The romance of airships and flying boats is still with us today, but with little reference to their inefficiency. The Dornier DoX and the Mayo composite are still regarded as meritable achievements when, in reality, they were no more than bold experiments.Conversely, aircraft such as the pioneering Il'ya Muromets and the epoch-making de Havilland Comet have been given only grudging acclaim, falling short of the accolades they deserve. Today, supersonic and hypersonic projects are harbingers of technical miracles but economic disasters. This book substitutes fact for wishful thinking.
TABLE OF CONTENTS
Forward by Patrick Murphy
Author's Preface
Acknowledgements
1. The Il'ya Muromets (1913-1922)
2. The Lawson Air Line (1919)
3. The Armstrong Seadrome (1923-1943)
4. The Dornier Do X (1929-1933)
5. Legalized Murder (1934)
6. The Big Flying Boats (1931-1948)
7. The Commercial Airships (1919-1937)
8. The Mayo Composite Aircraft (1938)
9. The Romance of Early Air Travel (1910-1940)

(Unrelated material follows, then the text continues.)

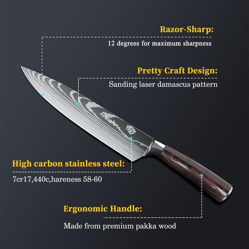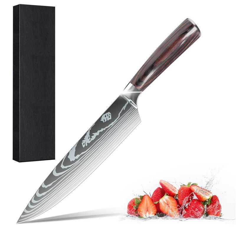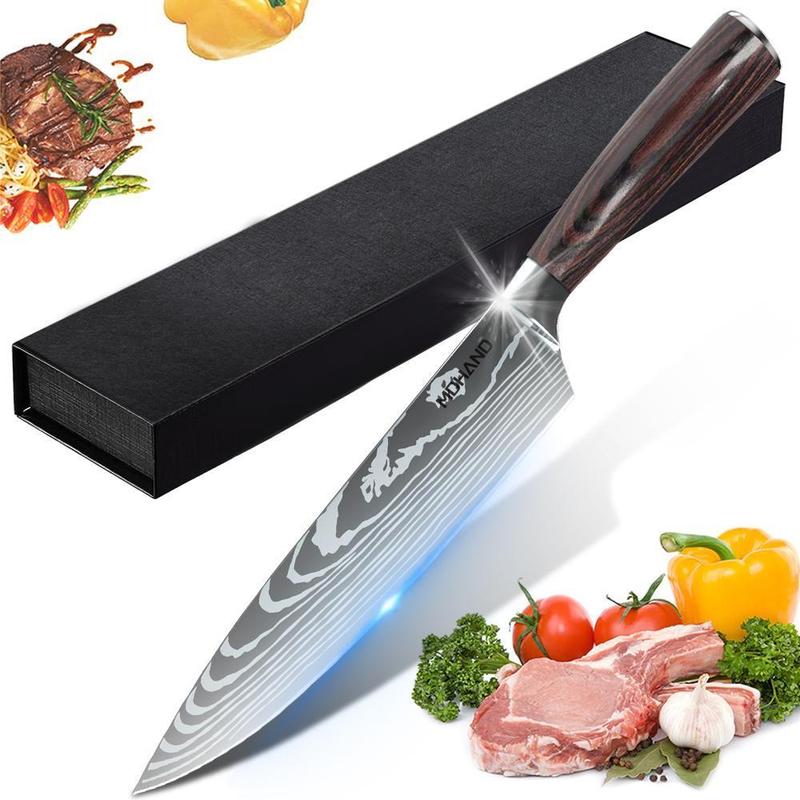 The blade is 7CR17 stainless steel, the surface of the laser Damascus pattern, very beautiful, good workmanship, razor sharp, keep your kitchen away from the blunt knife, and enjoy your kitchen life!

10. The First Comet (1932-1954)
11. The Concorde (1976- )
12. The U.S. SST (1958-1971)
13. Competition by Deregulation (1978- )
14. Short Take-off and Landing (STOL) and Commercial Helicopters (1960's-1980s)
15. The Specialized Commercial Air Freighter (1946-1966)
16. The DC-3 Replacement (1960s-1970s)
17. The Orient Express
18. The Suspended Monorail
Bibliography
Index
ABOUT THE AUTHOR
Ron Davies was born in England, served in the British Army throughout World War II, and subsequently embarked on a career in commercial aviation economic research, first in the Ministry of Civil Aviation, then with British European Airways, and later with various British aircraft companies.
He moved to the United States in 1968, to head up market research for Douglas Aircraft for thirteen years before moving to Washington's Smithsonian Institution, as the Lindbergh Fellow of Aerospace History, then as Curator of Air Transport.
During his industry career, he was closely involved with marketing such aircraft as the Viscount, Ambassador, Britannia, Comet, and Trident; all the Douglas commercial jets; and did the first market studies for the European Airbus, in the late 1960s.